Lopez Obrador’s party actually did better in this election than polls had projected, winning apparent victories in three of the seven state elections Sunday. The PRD was on track to win an overwhelming victory in Mexico City, the nation’s capital and largest city, as well as taking the governorships of Morelos state to the south and the Gulf coast state of Tabasco, both of which were held by other parties. The PRI appeared to have taken the governorship of the western state of Jalisco from the National Action Party.

Despite winning the presidency, the PRI may actually lose seats in Congress. The PRI-led coalition with the Green Party had about 38 percent of the congressional vote, with 95 percent of ballots counted Monday. The coalition won about 46 percent in the last legislative vote three years ago.

Many Mexicans questioned why most pre-election polls underestimated support for Lopez Obrador by five or six percentage points, well outside those polls’ margin of error. Lopez Obrador had claimed the polls were being manipulated, an accusation that accompanied frequent complaints that Pena Nieto was running a far more expensive campaign than his rivals.

Jorge Buendia of the polling firm Buendia and Laredo said some people who said they would vote for Pena Nieto appeared to have changed their minds. There was also a surge in support for Lopez Obrador in the final days that couldn’t be fully measured because Mexico’s electoral law effectively prohibits polling in the last week before elections.

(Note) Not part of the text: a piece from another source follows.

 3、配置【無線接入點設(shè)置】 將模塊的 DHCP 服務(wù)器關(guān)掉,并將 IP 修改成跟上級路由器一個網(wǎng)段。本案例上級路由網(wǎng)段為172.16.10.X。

The PRI’s victory appeared to be, above all, a triumph of pragmatism and power-broker politics. Few of those at Pena Nieto’s victory rally Sunday expressed the high-flown rhetoric about democratic transition and reform that were popular when National Action won the 2000 and 2006 elections. For its decades in power, the PRI excelled at handing out patronage jobs as well as work and business permits in exchange for votes.

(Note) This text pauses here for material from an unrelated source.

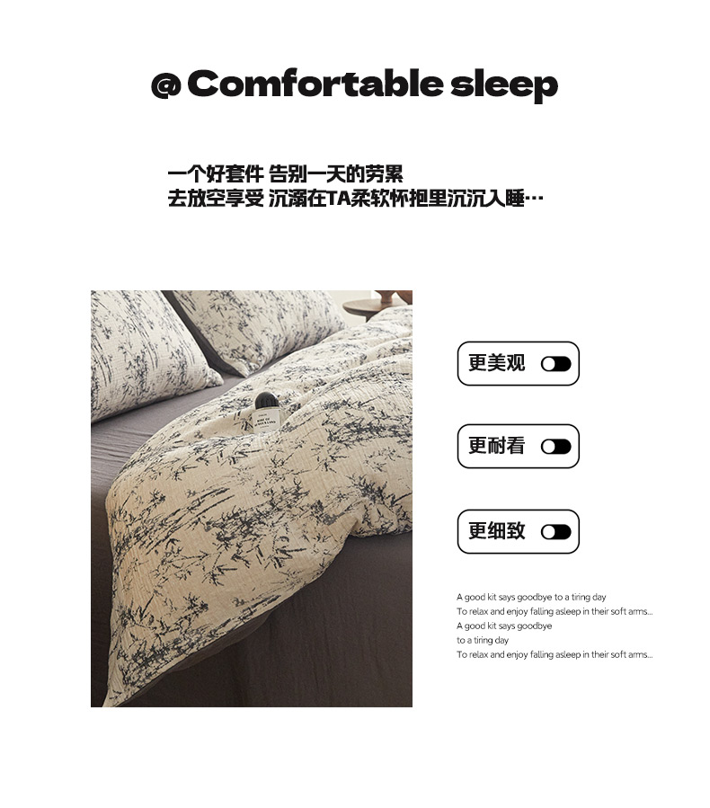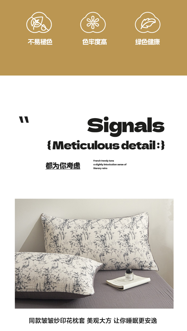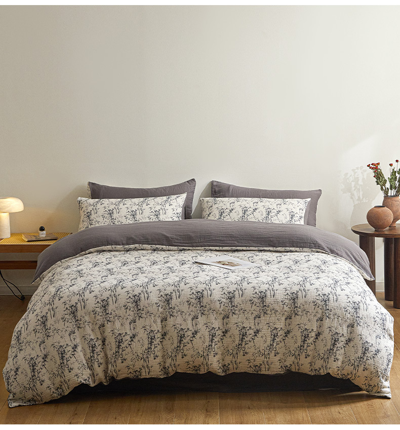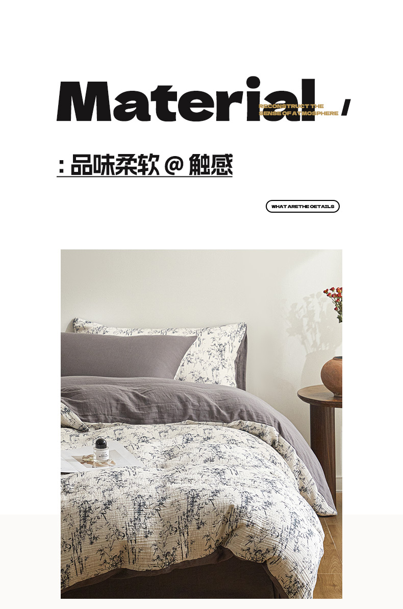 卡巴伦家纺 2025新款全棉双层皱皱纱现代中古风数码四件套 竹影

Jaime Bernal, 48, who works as an aide to a PRI congressman, said at the rally that the secret to the party’s comeback was recognizing “the important thing for people is that they have something to eat, a job to support themselves.”

But he also praised Pena Nieto’s ease at working crowds, shaking hands and hugging people, a talent the party had lost during two decades of PRI presidents known as market-oriented “technocrats.”

———

Associated Press writer Olga R. Rodriguez contributed to this report.